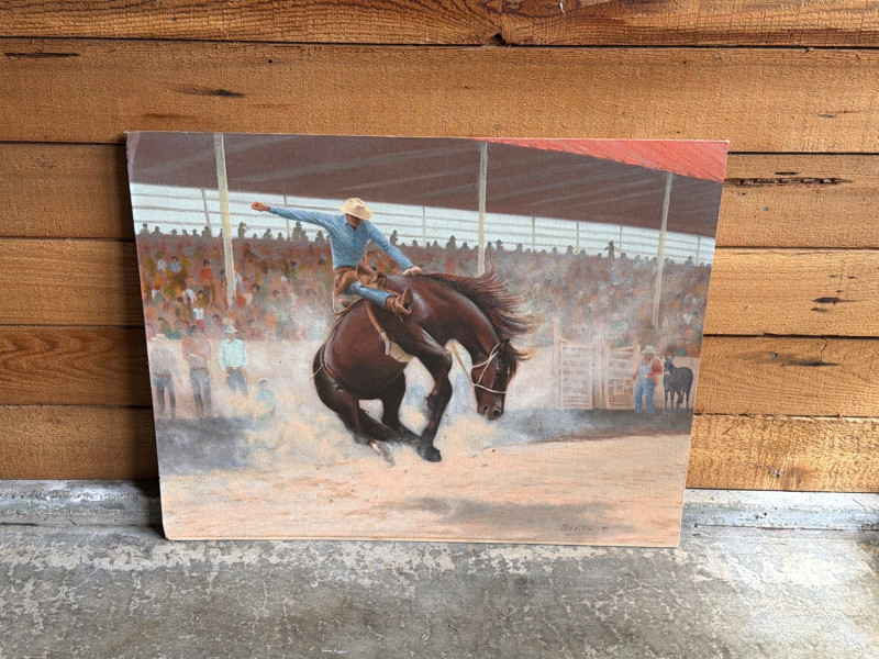 Lot # 93 - Vintage 1971 “Saddle Bronc” Rodeo Painting by Bonita Green Starting Bid: $ 5.00 Bids: Bidding starts in: |
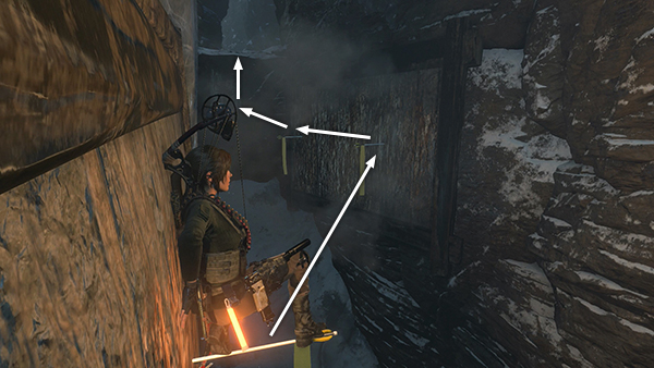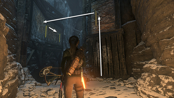 Climb back up and shoot one climbing arrow into the soft wood panel above on the right. Then shoot two more into the wall on the left. Scramble up the wall to perch on top of the first arrow. Jump across the gap to the second arrow then the third. (screenshot) While crouching on the third arrow, shoot two more into the wall on the other side of the tunnel. Jump onto the first arrow, then the second, and from there jump toward the stone wall and scramble onto the ledge above. (screenshot) Follow the passageway into the next level.
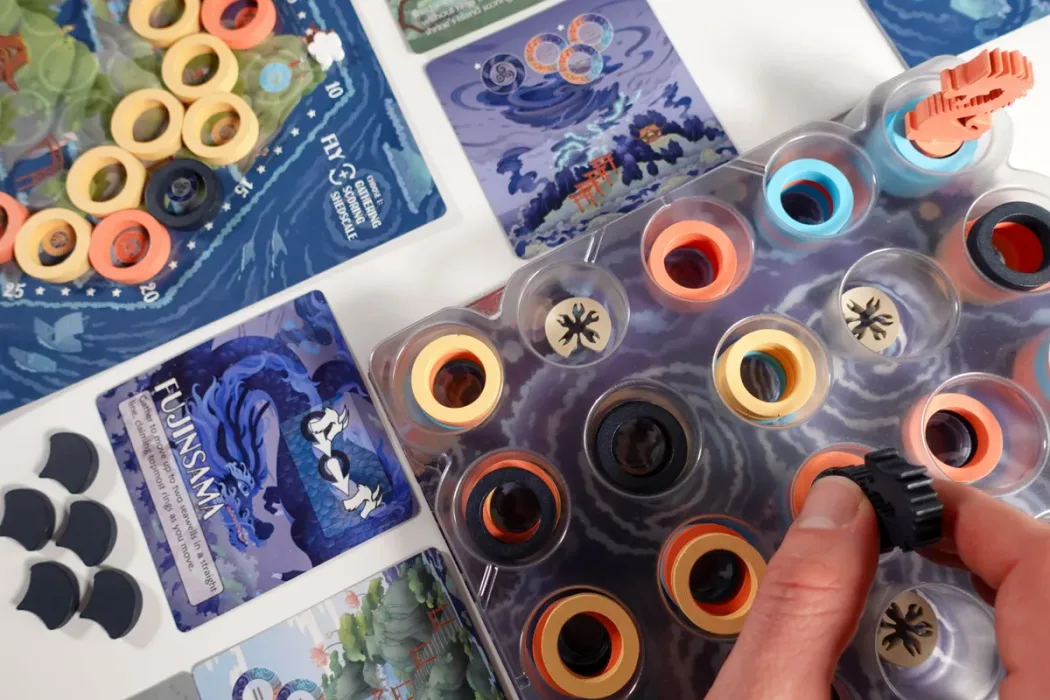 Drafting resources, collecting sets, and scoring bonuses in Tatsumi relies on the position of your dragon avatar on the seaboard, creating a more immersive and believable abstract strategy experience. The seaboard randomizes and stages the entire game’s resources into a 3-dimensional central board so you can strategically look ahead planning when to collect and when to score.
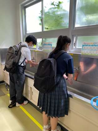 明日は1年生の分散登校日です。時間に注意し、登校してください。また、このホームページの写真を見て、教室に入る前の様子をイメージしてみてください。もちろん先生たちも誘導指示します。
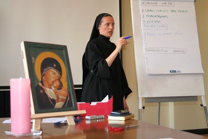 Seminarus vedė sesuo benediktinė Agnietė Ivaškevičiūtė bei Vaida Spangelevičiūtė-Kneižienė. Kurijos sielovados programų koordinatorė pasidalijo džiaugsmu kalbėti drauge su seserim benediktine, su kuria susipažino maldos grupėje dar mokykliniais laikais.
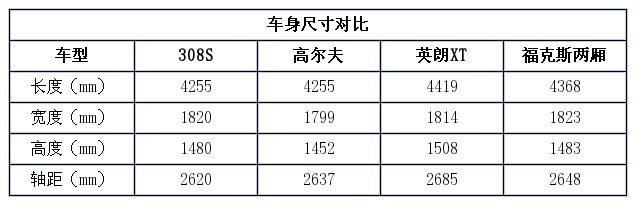 站在308S的旁边感觉这款车并不是特别小,不过对比车身尺寸会发现308S真心不算大,尤其是车身长度和轴距,在同级别车型里算是比较小的。
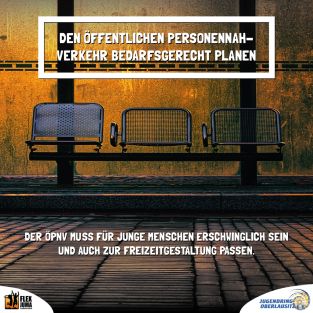 2. Den öffentlichen Personennahverkehr bedarfsgerecht planen:  Der ÖPNV im Landkreis muss für junge Menschen erschwinglich sein sowie auch der Freizeitgestaltung dienlich.
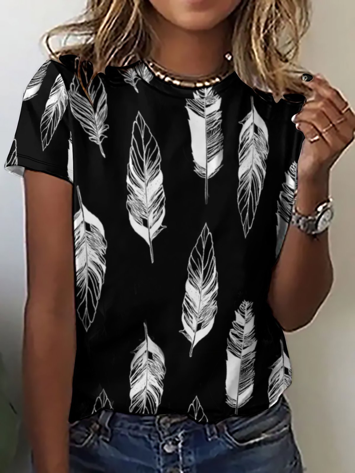 Casual Simple Feather Print Crew Neck Short Sleeve T-Shirt
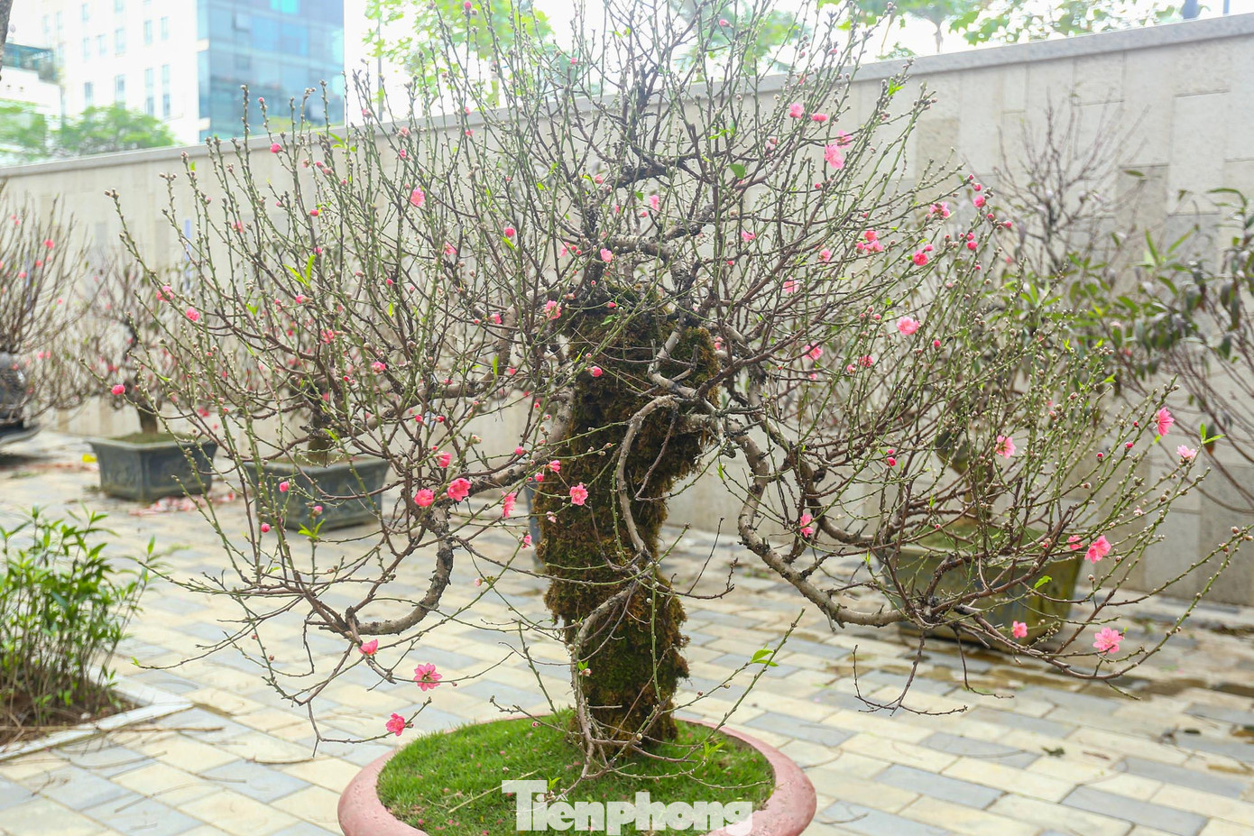 | Hàng đào cổ phủ rêu được chào bán trên vỉa hè đường Lạc Long Quân. |
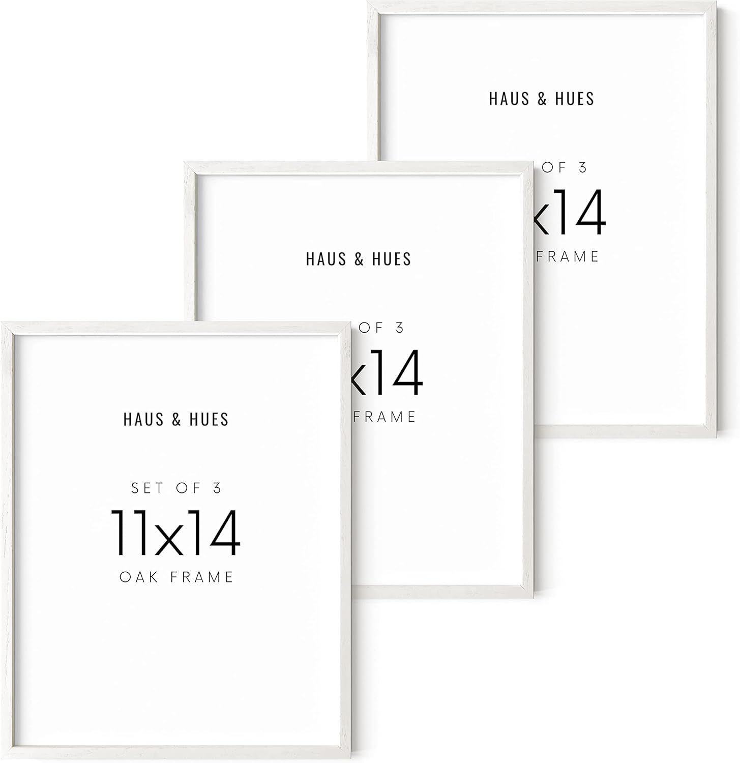 HAUS AND HUES 11x14 White Frames- Set of 3 11x14 Picture Frames White Gallery Wall Frame Set, Wooden Picture Frames for 11x14 Prints, White Picture Frames 11x14 Gallery Wall Frames (White Oak Frame)

^^^^^^^^

▶ [WHAT THE EXERCISE ASKS]:
Your task is to restate word for word the lines from the top of the data to the line containing "明日は1年生の分散登校日です", both ends included, with every picture left out.

▶ [ANSWER TO THIS EXERCISE]:
 Lot # 93 - Vintage 1971 “Saddle Bronc” Rodeo Painting by Bonita Green Starting Bid: $ 5.00 Bids: Bidding starts in: |
 Climb back up and shoot one climbing arrow into the soft wood panel above on the right. Then shoot two more into the wall on the left. Scramble up the wall to perch on top of the first arrow. Jump across the gap to the second arrow then the third. (screenshot) While crouching on the third arrow, shoot two more into the wall on the other side of the tunnel. Jump onto the first arrow, then the second, and from there jump toward the stone wall and scramble onto the ledge above. (screenshot) Follow the passageway into the next level.
 Drafting resources, collecting sets, and scoring bonuses in Tatsumi relies on the position of your dragon avatar on the seaboard, creating a more immersive and believable abstract strategy experience. The seaboard randomizes and stages the entire game’s resources into a 3-dimensional central board so you can strategically look ahead planning when to collect and when to score.
 明日は1年生の分散登校日です。時間に注意し、登校してください。また、このホームページの写真を見て、教室に入る前の様子をイメージしてみてください。もちろん先生たちも誘導指示します。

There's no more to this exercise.